It's not the game's fault, rather it's the poorly designed EVGA card, other cards have protection in place.
So rather, no one expects buying a card not using industry standard protections.
#18
64K
londisteThis is all damage control and FUD. By all indications the actual bricking problem is limited to specific EVGA models which trip physical protections.
This day and age, software should not be able to actually brick a card.
At this point I also think it's a design flaw in the EVGA 3090
Posted on Reply
#19
Ferrum Master
Xex360It seems it is limited to the EVGA model due to design faults, the other cards just protect themselves because the game being in beta is buggy.

www.igorslab.de/en/evga-geforce-rtx-3080-rtx-3090-and-not-only-new-world-when-the-graphics-card-goes-amok-because-of-design-failures/

Please update so don't mislead people.
I do not share the opinion with him this time. A lot of bullshit info from engineering stand point.

A point where sensors are to slow, comparing time frame with the sensor speed, thus it is not fast enough to react? Bullshit. You can even predict the load as a software algo, it does not need to be in sync. I agree that the circuit is not capable enough and that's just it. You always have hysteresis and and you have to have a reserve. At least 150% in current and thermal capacity. We all know the latter is already screwed on 3090ies.

The rant about the fan tachometer going cuckoo. It is stupid, so what? It is hardware combination flaw. The tach is an open collector design. Problem is, that some fans are different and needs different pullup resistors to work at all RPM range it just desyncs. It ain't a software fix. The engineering sample prolly used some different fans, and they implemented a default solution, just the fans are problematic. I've encountered same issues on certain motherboards too.

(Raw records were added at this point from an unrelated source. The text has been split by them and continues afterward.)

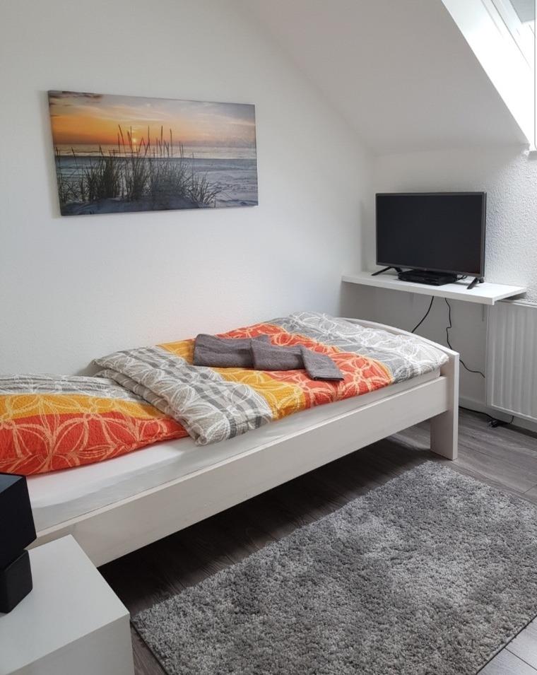 Im Schlafzimmer befindet sich ein Doppelbett inkl. Kleiderschrank und TV. Ein weiteres Zimmer, welches ebenfalls über ein Bett und TV Anschluss verfügt, befindet sich gleich nebenan. Ein modernes kleines Badezimmer mit Dusche und Handtuchnutzung steht euch selbstverständlich auch zu Verfügung.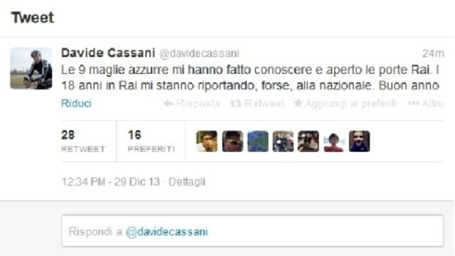 "Le 9 maglie azzurre mi hanno fatto conoscere e aperto le porte Rai. I 18 anni in Rai mi stanno riportando, forse, alla nazionale. Buon anno". Con questo tweet Davide Cassani, ex ciclista e attuale commentatore televisivo, si fa largo tra i candidati alla successione di Paolo Bettini per guidare la nazionale di ciclismo. Il toscano, infatti, ha deciso di diventare team manager della nuova squadra del ferrarista Alonso a partire dal 2015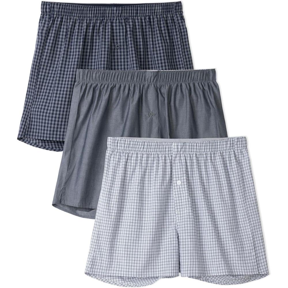 DAVID ARCHY Woven Cotton Boxers for Men Classic Men's Underwear Loose Breathable & Comfortable Boxer Shorts 3 or 5 Pack(Navy Gingham Checks / Solid Slate Gray / Light Blue Microchecks)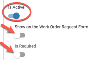 - Toggle on "Is Active" to see additional fields such as "Show on the Work Order Request Form" and "Is Required". Toggle on either or both of those sub-options if needed.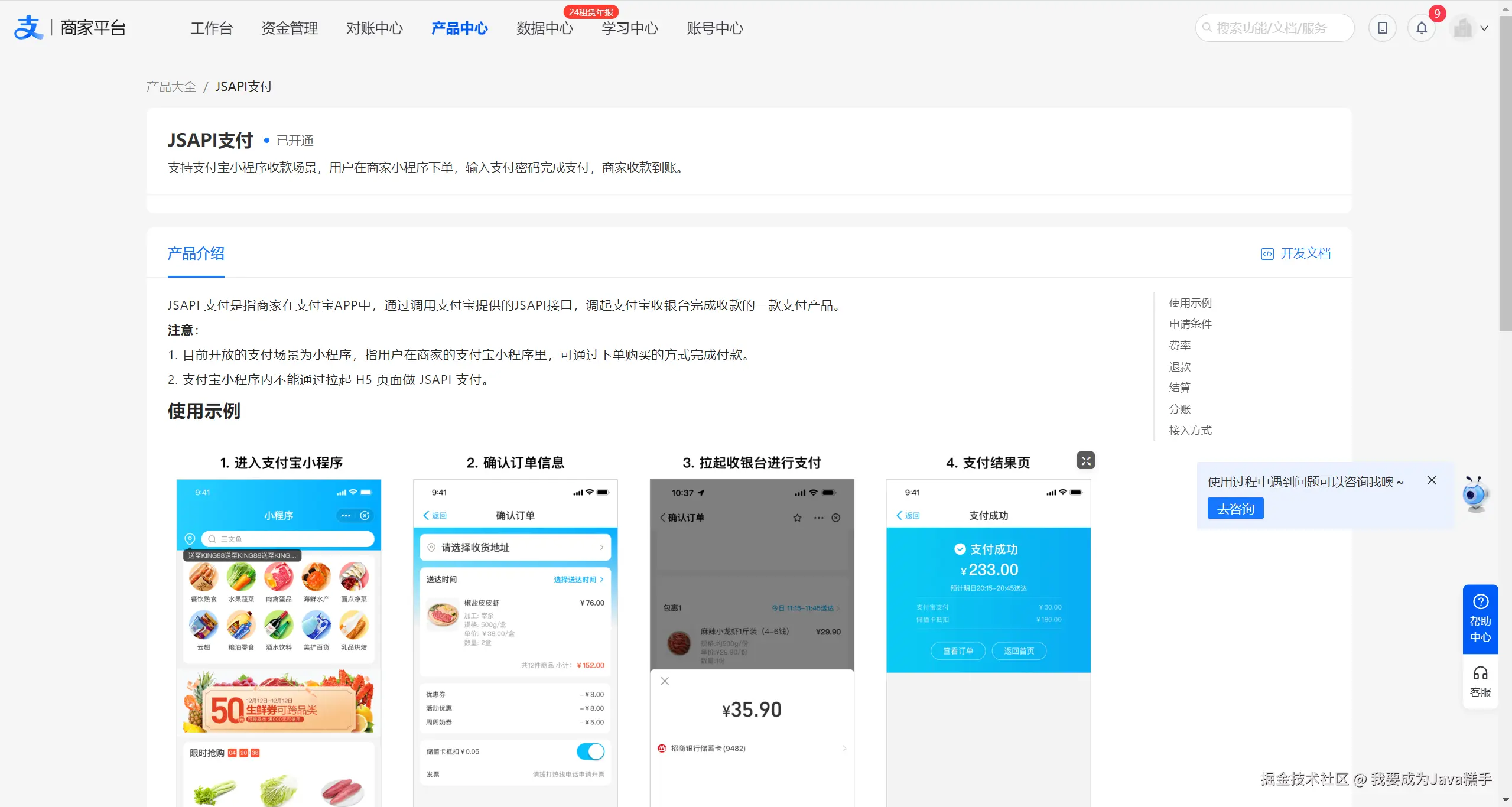 商户账号在 商家平台 > 产品中心 > 产品详情页面 点击 立即开通,填写并提交相关信息。详情可查看 开通产品。开通完成后请在产品详情页点击 管理小程序 APPID,关联绑定服务商拉支付的小程序应用 A。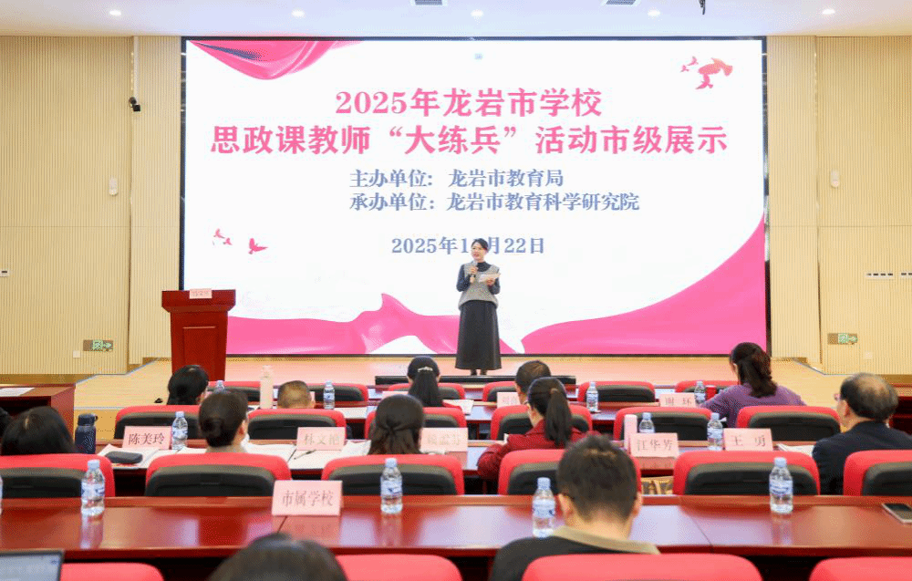 11月22日,2025年龙岩市学校思政课教师“大练兵”市级展示活动举行。本次活动由龙岩市教育局主办、龙岩市教育科学研究院承办,汇聚全市大中小学各学段优秀思政课教师代表,通过教学展示、专家点评、研讨交流,全面展现我市推进大中小学思政课一体化建设的实践成果。马克思主义学院教师钟秋华、张淑芬参加本次“大练兵”展示活动。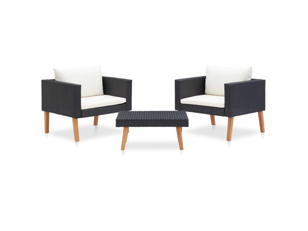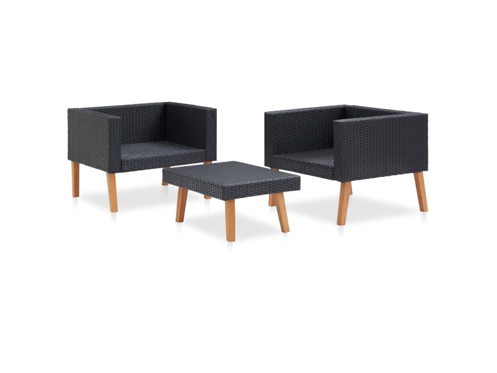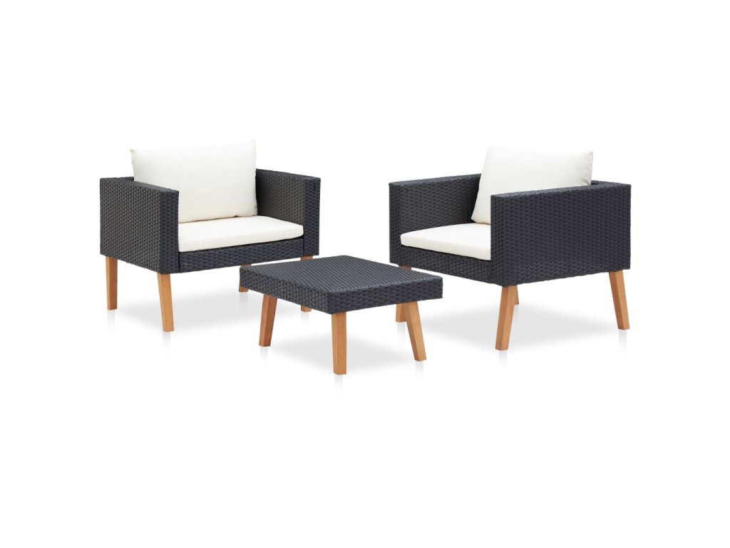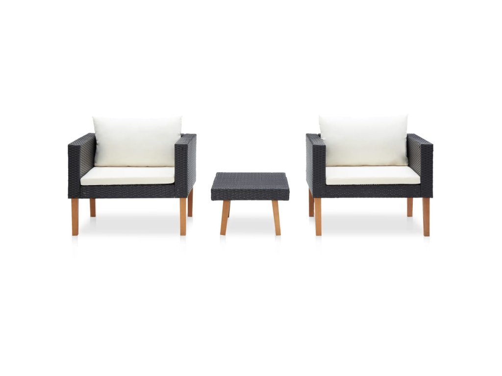 vidaXL 3-dielna záhradná sedacia súprava+podložky, polyratan, čierna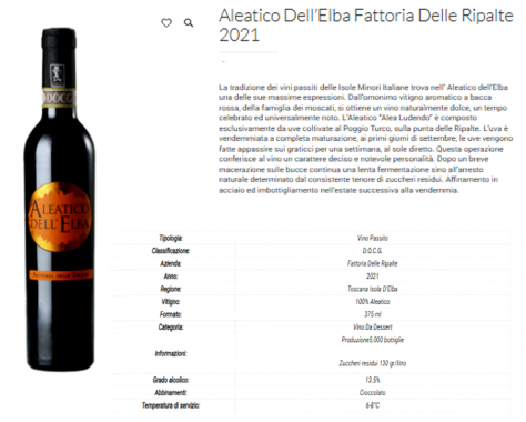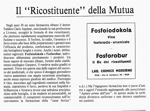 Negli anni 1930 un noto farmacista elbano, dott. Taddeo Claris Appiani mise in commercio un “ricostituente” della mutua, da lui creato, a base di fosforo, iodio, e ferro e mescolandolo con vino Moscato. Eccone il prospetto della spiegazione.articolo ricavato da una citazione dello eccellente storico elbano Aulo Gasparri. Il vino Aleatico menzionato e “figlio” del produttore originario Pier Mario Meletti Cavallari; Dopo essere migrato all'Elba e collaborato con la fattoria “Delle Ripalte”. Confido che a volte si è parlato del produrre il vino Aleatico e alla fine eccolo prodotto e perfezionato col tempo, è stata una scelta felice.

Seconds... it does not matter a bit. The fans are driven via duty cycle parameter with the PWM pin, it simply does not care for the RPM value, it could be measured in cockroaches or daisy leaves or whatever... as long it is there above 0 it is all good and it will not trigger FAN failure warning.

Also the Jayztwopesos are overreacting about other card failures. I can bet that each game have killed some card when it came out, just because it is electronics and failures are normal in a small percent, one Radeon card died oh yeah... that sure could not be a coincidence.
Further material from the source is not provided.